Но они не вняли нам, —
Будьте же готовы!
 
   Вся баскетбольная команда перекидывала мячи через сетку, специально в нее не попадая и от этого находясь в блаженном идиотизме, что видно было по их смеющимся рожам.
   Кругом царила картина радостного хаоса и какого-то жуткого напряжения, даже ожидания.
   Хорошо, что толстые стены заглушали этот вой, треск, писк, доходящий до ультразвука, но что, если вынесет наружу?! Там, там ведь акулы и кашалоты, касатки, спруты – брр-ра! Профессор даже сжал зубы и сломал вставную челюсть. Он все-таки вынул ее и вдруг остолбенел.
   Во всем хаосе этом, среди всей этой культурной революции только одно существо было спокойно и невозмутимо. Это был служитель. Он сидел – нет, он стоял, – словом, он как-то находился в пространстве и невидящими глазами смотрел вокруг!
   – Что с вами? Вы сошли с ума! Идите сейчас же спать. Я побуду вместо вас, я прослежу за ни… – Профессор услышал сзади позвякивание трезубца и вспомнил, что следить уже, собственно, не за кем, и если <следить, то> уж кто за кем следит!
   – Как вы смели оскорблять животных!
   Боже! Он опять забылся. Какой-то дельфин юркнул к борту, нажал на датчик, и в ту же секунду служитель бросился на профессора, выхватил у него, оторопевшего, из рук челюсть и растоптал ее прямо на глазах на дорожке у бассейна.
   Это категорически воспрещалось, и профессор все понял: они сделали с ним то же, что мы до этого делали с ними. Они вмонтировали в него… Какой ужас! Да и за такой короткий срок исследовали и научились управлять… Кошмар!
   – Да? А почему же это не было кошмаром, когда все было наоборот? – пропищал над ухом тонкий голос, но этот голос показался профессору уже противным. – Ну! Ответьте!
   Он резко обернулся – на уровне его головы стояла морда одного из трех китов (он, конечно, опирался на двух других).
   «Так! Это совсем худо! Эдак они научатся передвигаться по суше!» – машинально подумал профессор.
   – Конечно! И очень скоро! – Голос принадлежал киту.
   «Никогда не думал, что у такого милого животного будет такой противный голос», – опять подумал профессор.
   – Но-но! Советую не шутить. – И кит показал профессору вмонтированный в плавник зуб акулы. – Я уже сделал им довольно много операций, и, заметьте, все успешно и бескровно. Но я могу и ошибиться. – Кит мерзко захихикал, а профессор постарался не отмечать про себя ничего лишнего, только одно напоследок: «Э! Да он еще и телепат».
   – И очень давно. – Кит кашлянул и снял улыбку. А может, и не снял, черт его знает, только он насупился и произнес кому-то внизу: – Хватит! Он все понял, – и тут же с треском исчез.

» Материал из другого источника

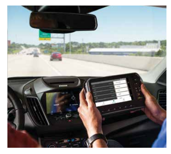
BETASEAL<sup>™</sup> Adhesives feature a fast MDAT, allowing recalibration to be performed shortly after setting the replacement glass.

As the percentage of vehicles equipped with ADAS become more commonplace, the average installation time and cost for replacement increases. Time saved through the use of an advanced-cure adhesive can enable more replacements per shift.

   – Что вы хотите от меня? – выдохнул профессор.
   – Я уже объяснил вам в довольно доступной форме, – сказал дельфин с трезубцем.
   – Ну хорошо! Так! Господа!..
   – К черту господ! – рявкнул бассейн.
   – Друзья!
   – Долой дружбу ходящих по суше!
   – Но как же к вам обращаться? – профессор растерялся окончательно.
   – Это уж слишком, парни, – произнес в защиту чей-то голос, по тембру – его проводника.
   Все стихло. Профессор с некоторой даже нежностью благодарно взглянул на дельфина.
   «Недаром я его любил, когда он был животным. Но стоп! Как же он шел по коридору, как он сидел у меня? Он же не должен мочь, не может долж…» – Профессор глянул вниз и упал…
   У дельфина не было ног, но у него что-то было, и на этом чем-то были надеты его, профессора, ботинки.
   Нас загоняют спать. Гасят свет везде, а в темноте находиться страшно. Вот и идешь, и спишь. Как все-таки прекрасно, что есть коридоры – по ним гуляют, и туалеты – в них… нет-нет, в них курят. Только там дурно, там все время эти психи, эти проклятые психи раскрывают окна, и сквозят, и сквозят. Я буду жаловаться завтра. Зачем завтра! Сейчас же напишу Косыгину… Эх! Погасили свет, как же можно! Как же вам не стыдно! Ну! Дайте только выздороветь!.. Покойной ночи. Жгу спички и пишу. Так делал Джордано Бруно. Он и сгорел поэтому так быстро. А я не могу, я пойду и буду спать, чтобы выжить – и уж тогда…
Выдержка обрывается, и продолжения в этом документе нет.